Low range on 433Mhz RF link kit

I am using this http://www.seeedstudio.com/depot/433mhz-rf-link-kit-p-127.html to send a message over RF.

To get as high range as possible, I am powering the sender with 12V (Transmitor Input Voltage: 3-12V), but still it seems low and very unreliable.

Between the sender and receiver, there are two walls (made of wood and rockwool), and an airline of around 12 meters.

To improve the range I started trying to use wire as antennas for the sender, and came up with two wires with a length of 6cm was the best, but still it only completes less than 50% of the messages send.

For the receiver the picture says that an optional 10-15cm wire can be used, but there are already one on it (small rolled up), and it is glued to the board, so it will be a mess to replace it with another wire.
Managed to get a straight wire attached instead, improved the reception a bit, so now it is receiving around 50-60% of the messages.

Is the 12 meter range around what this set can do, or are there something that can be changed to improve it?
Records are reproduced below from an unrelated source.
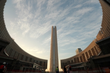 这是2023年11月22日在埃及开罗以东拍摄的埃及新行政首都中央商务区的标志塔(中)。新华社记者 隋先凯 摄
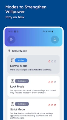 🔒 Strict Mode: Prevent bypassing restrictions to maintain focus with the app blocker.
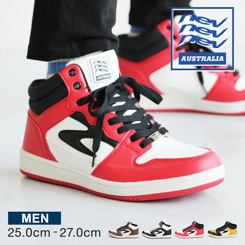 nev スニーカー メンズ ハイカット おしゃれ かっこいい 靴 シューズ 白 ホワイト 黒 ブラック レッド イエロー ブラウン...
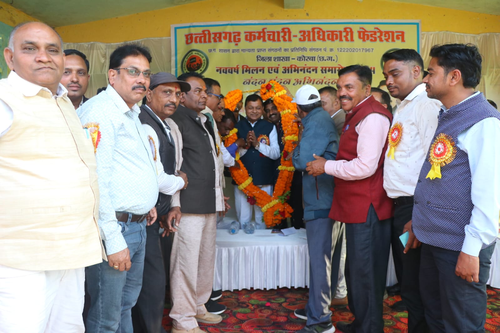 कोरबा (ट्रैक सिटी) छत्तीसगढ़ कर्मचारी अधिकारी फेडरेशन जिला कोरबा के आयोजकतत्व में नव वर्ष मिलन एवं अभिनंदन समारोह मा. शा. अंधरी कछार कोरबा प्रांगण मे आयोजित की गई थी, समारोह के मुख्य अतिथि छत्तीसगढ़ शासन के कैबिनेट मंत्री लखन लाल देवांगन एवं अध्यक्षता छ ग कर्मचारी अधिकारी फेडरेशन के प्रांतीय संयोजक माननीय कमल वर्मा रहे। अतिथियों का स्वागत कर्मचारियों अधिकारियों द्वारा बैंड बाजा के साथ स्वागत बंदन माध्यमिक शाला अंधरी कछार के छात्र-छात्राओं द्वारा स्वागत लोक नृत्य की रंगारंग प्रस्तुति तथा शिक्षक सत्यनारायण मनहर एवं साथियों द्वारा लोक संगीत के माध्यम से की गई। कैबिनेट मंत्री लखनलाल देवांगन द्वारा अपने उद्बोधन में कहा कि कर्मचारी अधिकारी शासन के जन हितैसी योजनाओं के क्रियान्वयन के प्रमुख कड़ी होते हैँ इनकी विधिक मांगों पर शासन गंभीरता से काम करेगी, उन्होंने कहा कि अभी कुछ दिनों तक ब्यस्तता है किन्तु आगे कर्मचारी अधिकारियों के साथ बैठकर समस्याओं का समाधान हेतु पहल की जाएगी। छत्तीसगढ़ कर्मचारी अधिकारी फेडरेशन के जिला संयोजक के. आर डहरिया द्वारा अपने स्वागत भाषण में सभी अतिथियों का स्वागत करते हुए जिले के कर्मचारी अधिकारी हितों से संबंधित मांग रखा साथ ही छत्तीसगढ़ कर्मचारी अधिकारी फेडरेशन के बैठकों एवं कार्यलयीन उपयोग हेतु अंधरी कछार प्रांगण में जिर्ण शीर्ण अवस्था में पड़ी स्कूल शिक्षा विभाग के शासकीय भवन को कार्यलयीन उपयोग हेतु मांग की गई जिस पर माननीय मंत्री द्वारा तत्काल सहमति प्रकट करते हुए भवन की जिर्णोद्धार एवं बैठकें हेतु आवश्यक सुविधाओं उपलब्ध कराने पहल करने की बात कही।
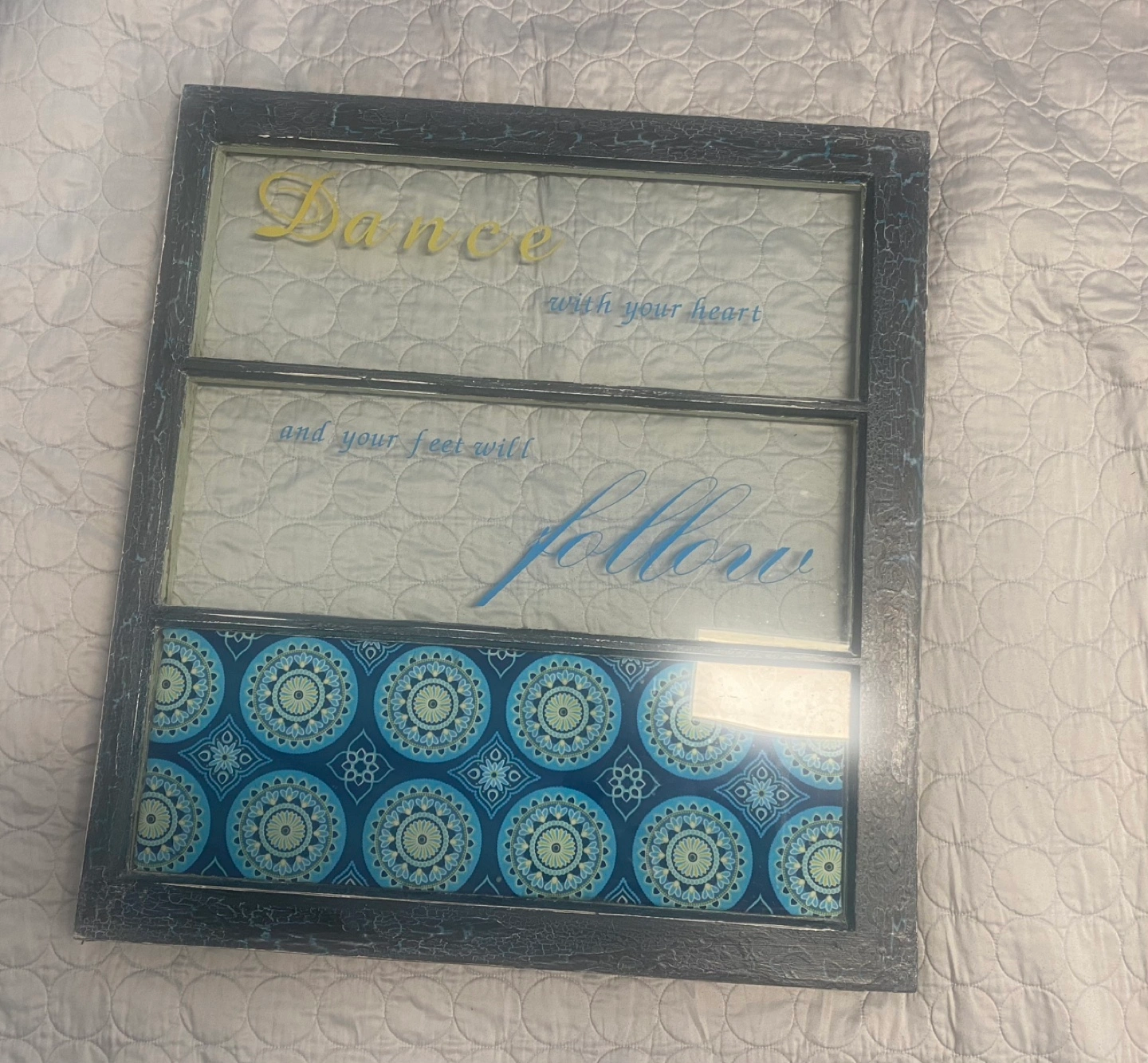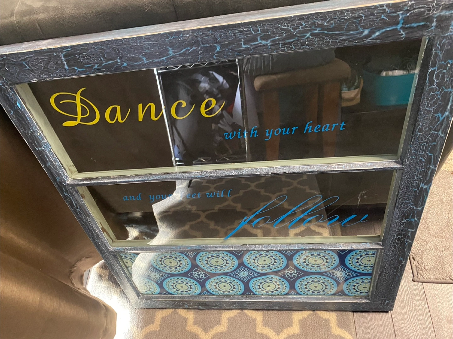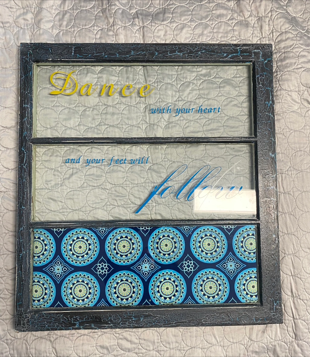 Upcycled window frame with a cute saying! The top two panes feature the phrase "Dance with your heart and your feet will follow" and the bottom pane has a lovely blue patterned design. It's a unique piece to add some charm to your home

To send and receive the messages, I am using these:

Sending the messages through the Arduino's pin 3
Sender

#include <VirtualWire.h>
#undef int
#undef abs
#undef double
#undef float
#undef round

void setup()
{
  // Initialise the IO and ISR
  vw_set_ptt_inverted(true);               // Required for RF Link module
  vw_set_tx_pin(3);                        // pin 3 is used as the transmit data out into the TX Link module, change this to suit your needs.
}

void loop()
{
  rfSend("this is a test");
  delay(5000);
}


void rfSend(String message)
{
  char output[100];

  message.toCharArray(output, 99);

  vw_setup(2000);
  vw_send((uint8_t *)output, strlen(output));
  vw_wait_tx();                          // Wait for message to finish
  vw_setup(40);
}

Receiver is powered by the Arduino's 5V, and sending the received data to the Arduino's pin 2
Receiver

#include <VirtualWire.h>
#undef int
#undef abs
#undef double
#undef float
#undef round

#define rxPin 2


const int ledPin =  13;      // the number of the LED pin
int ledState = LOW;             // ledState used to set the LED
long onMillis = 0;        // will store last time LED was updated


void setup()
{
  Serial.begin(9600);
  pinMode(ledPin, OUTPUT); 

  // Initialise the IO and ISR
  vw_set_ptt_inverted(true);          // Required for RX Link Module
  vw_setup(2000);                     // Bits per sec
  vw_set_rx_pin(rxPin);               // We will be receiving on pin 2 ie the RX pin from the module connects to this pin.
  vw_rx_start();                      // Start the receiver
}

void loop()
{
  uint8_t buf[VW_MAX_MESSAGE_LEN];
  uint8_t buflen = VW_MAX_MESSAGE_LEN;

  if (vw_get_message(buf, &buflen))   // check to see if anything has been received
  {
    int i;
    // Message with a good checksum received.

    for (i = 0; i < buflen; i++)
    {
      Serial.print(buf[i]);          // the received data is stored in buffer
    }
    Serial.println(" ");
    digitalWrite(ledPin, HIGH);
    onMillis = millis();
  }

  if (millis() - onMillis > 100 && onMillis > 0)
  {
    onMillis = 0;
    digitalWrite(ledPin, LOW);
  }
}

The vw_setup(2000); should be the bitrate it transmits with (and the same they got in their example), isn't that way below 9600?

The 9600 should only be between the arduino and serial port on the computer.

The 433/434 MHz Rx/Tx sparkfun docs call for a 17cm antenna wire.
Where did 6 come from?

The length I am using right now is from testing. The length they say does no difference when I tested it.

Take this line out of your code
vw_set_ptt_inverted(true);

This part doesn't have ptt (push to talk).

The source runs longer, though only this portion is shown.